_Task brief_: Transcribe, starting at the line with "Монобукет крупных розовых" and ending at the line with "- Go to Symbol: displays", every line of the material below exactly, but leave out the pictures and anything outside that span.

_Material to process_:
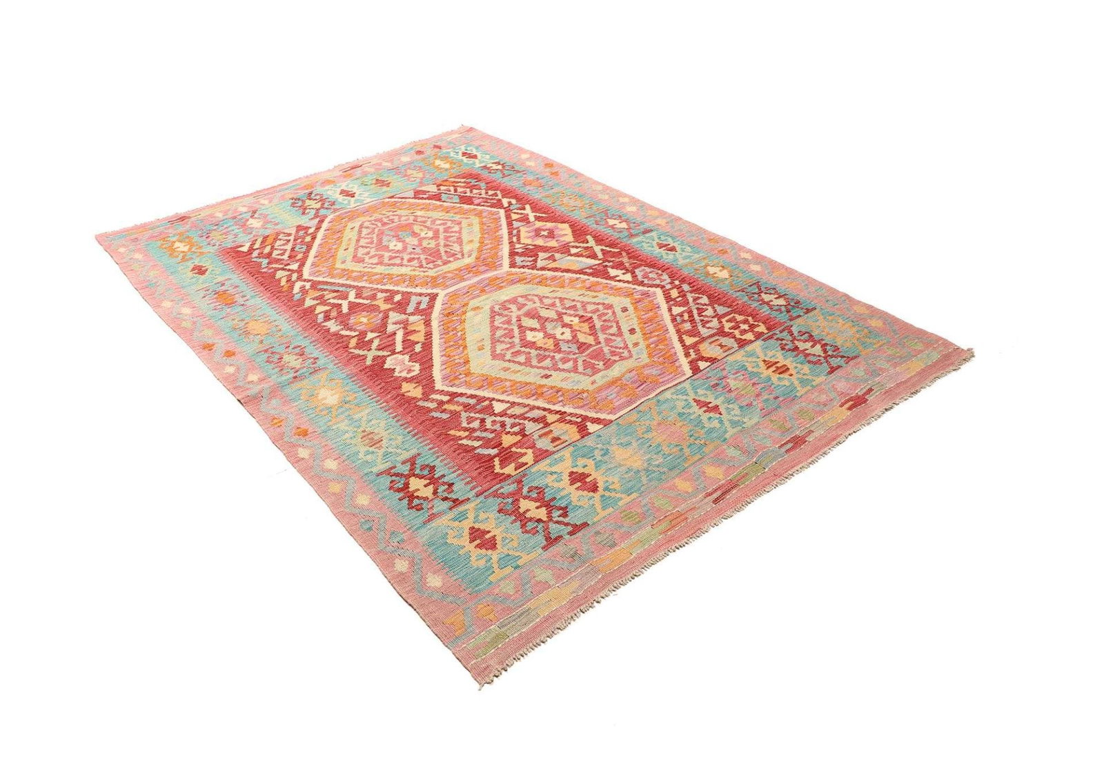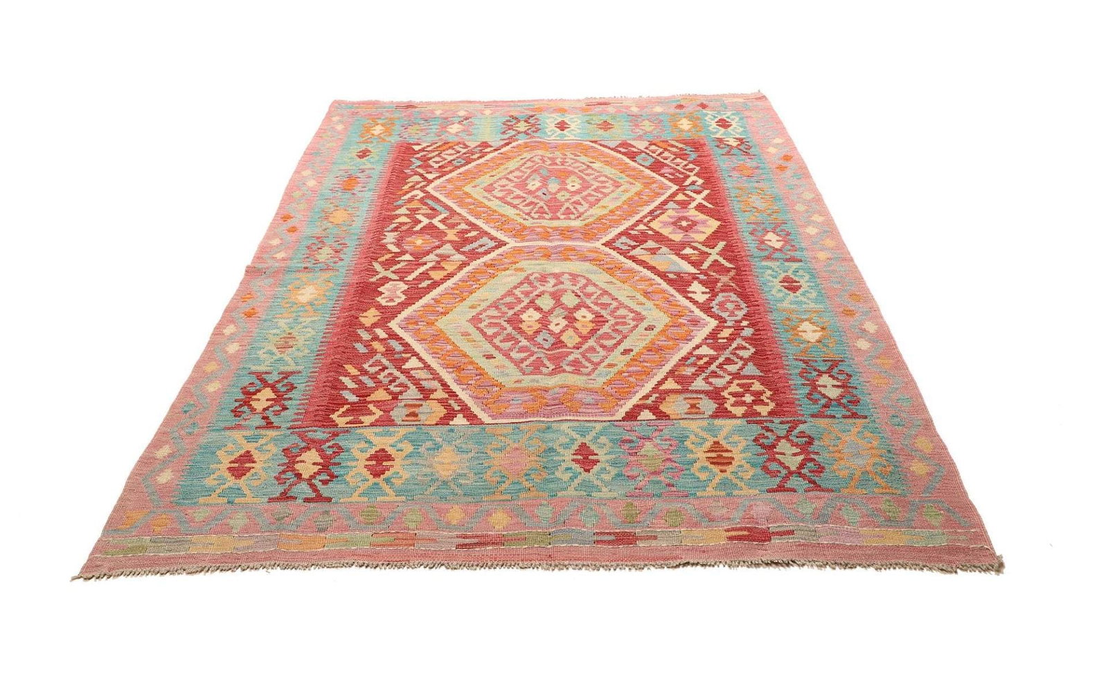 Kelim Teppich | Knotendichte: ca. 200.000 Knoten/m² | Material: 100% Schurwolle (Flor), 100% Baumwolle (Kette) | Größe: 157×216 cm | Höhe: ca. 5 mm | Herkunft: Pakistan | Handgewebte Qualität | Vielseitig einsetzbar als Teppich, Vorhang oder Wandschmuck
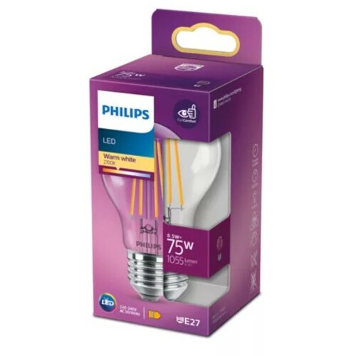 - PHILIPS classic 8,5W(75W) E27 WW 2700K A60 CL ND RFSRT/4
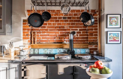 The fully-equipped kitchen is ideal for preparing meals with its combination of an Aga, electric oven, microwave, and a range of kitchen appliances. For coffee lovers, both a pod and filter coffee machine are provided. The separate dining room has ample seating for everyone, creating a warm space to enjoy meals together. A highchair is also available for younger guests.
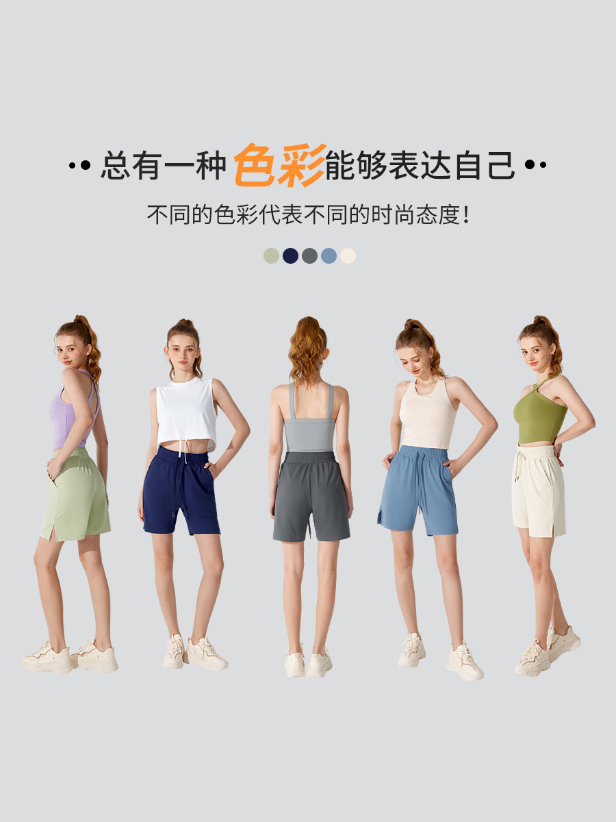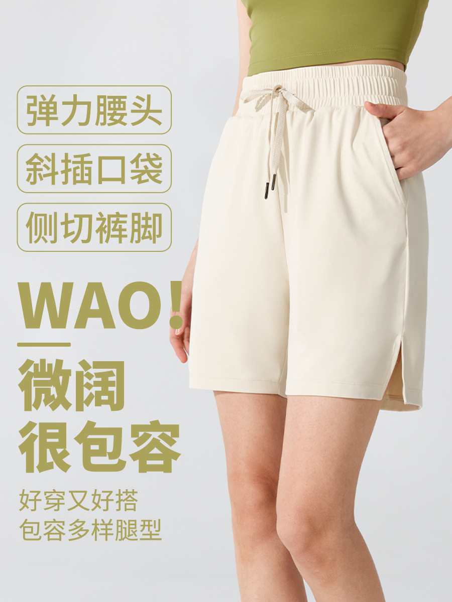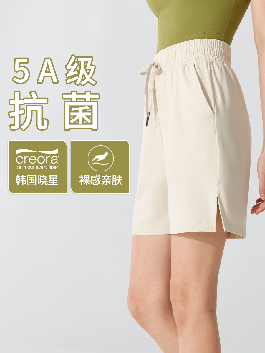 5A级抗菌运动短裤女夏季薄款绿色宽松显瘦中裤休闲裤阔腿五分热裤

==

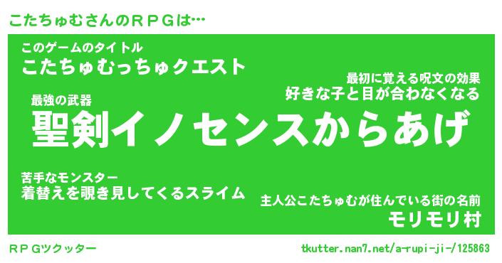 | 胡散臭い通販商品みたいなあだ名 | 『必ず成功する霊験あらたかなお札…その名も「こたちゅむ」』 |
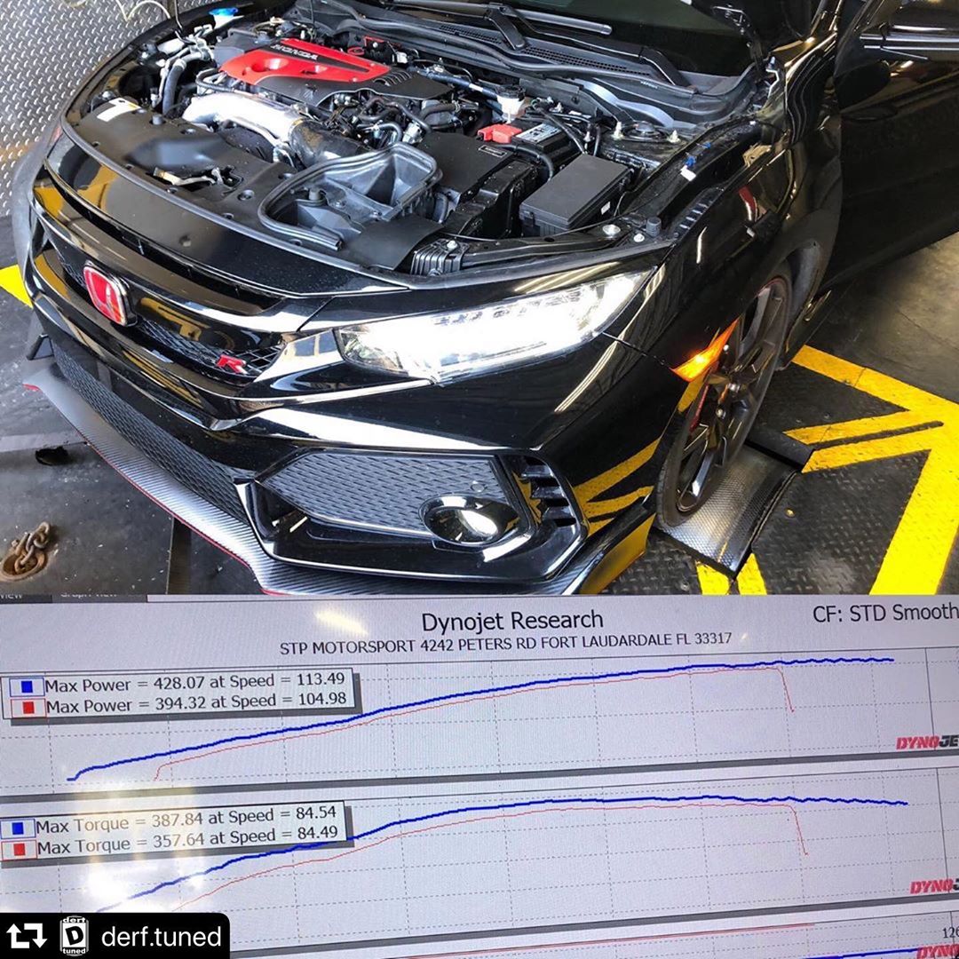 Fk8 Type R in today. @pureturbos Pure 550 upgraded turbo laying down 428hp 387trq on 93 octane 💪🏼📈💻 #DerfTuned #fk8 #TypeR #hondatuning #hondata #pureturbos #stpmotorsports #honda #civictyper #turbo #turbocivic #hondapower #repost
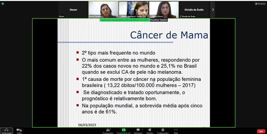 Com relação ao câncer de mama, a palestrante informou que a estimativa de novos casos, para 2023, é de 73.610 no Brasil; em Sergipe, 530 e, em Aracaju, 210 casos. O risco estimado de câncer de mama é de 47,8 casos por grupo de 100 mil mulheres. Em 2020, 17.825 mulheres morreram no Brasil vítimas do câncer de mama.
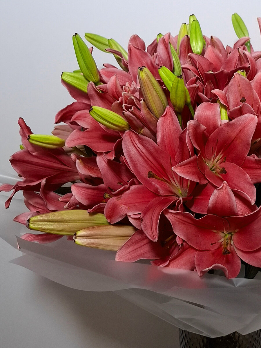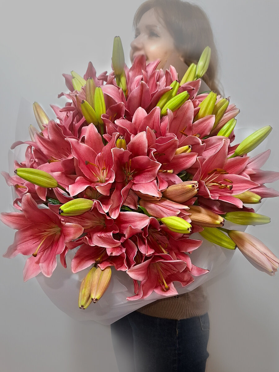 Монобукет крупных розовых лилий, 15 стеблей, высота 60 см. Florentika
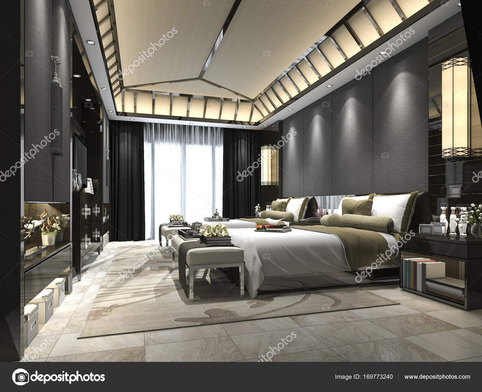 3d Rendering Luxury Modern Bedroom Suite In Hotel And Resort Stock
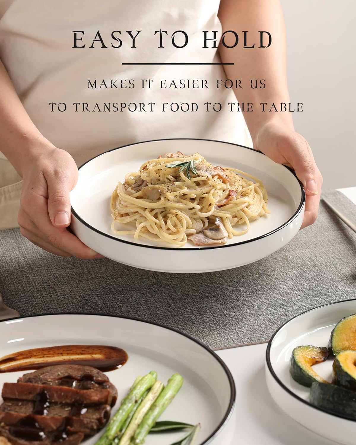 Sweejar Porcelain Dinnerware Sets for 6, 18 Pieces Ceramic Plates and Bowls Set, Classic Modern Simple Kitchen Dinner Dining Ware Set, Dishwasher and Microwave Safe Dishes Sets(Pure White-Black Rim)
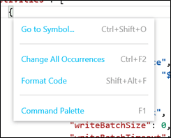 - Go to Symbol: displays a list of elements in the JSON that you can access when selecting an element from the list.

_Answer to this task_:
 Монобукет крупных розовых лилий, 15 стеблей, высота 60 см. Florentika
 3d Rendering Luxury Modern Bedroom Suite In Hotel And Resort Stock
 Sweejar Porcelain Dinnerware Sets for 6, 18 Pieces Ceramic Plates and Bowls Set, Classic Modern Simple Kitchen Dinner Dining Ware Set, Dishwasher and Microwave Safe Dishes Sets(Pure White-Black Rim)
 - Go to Symbol: displays a list of elements in the JSON that you can access when selecting an element from the list.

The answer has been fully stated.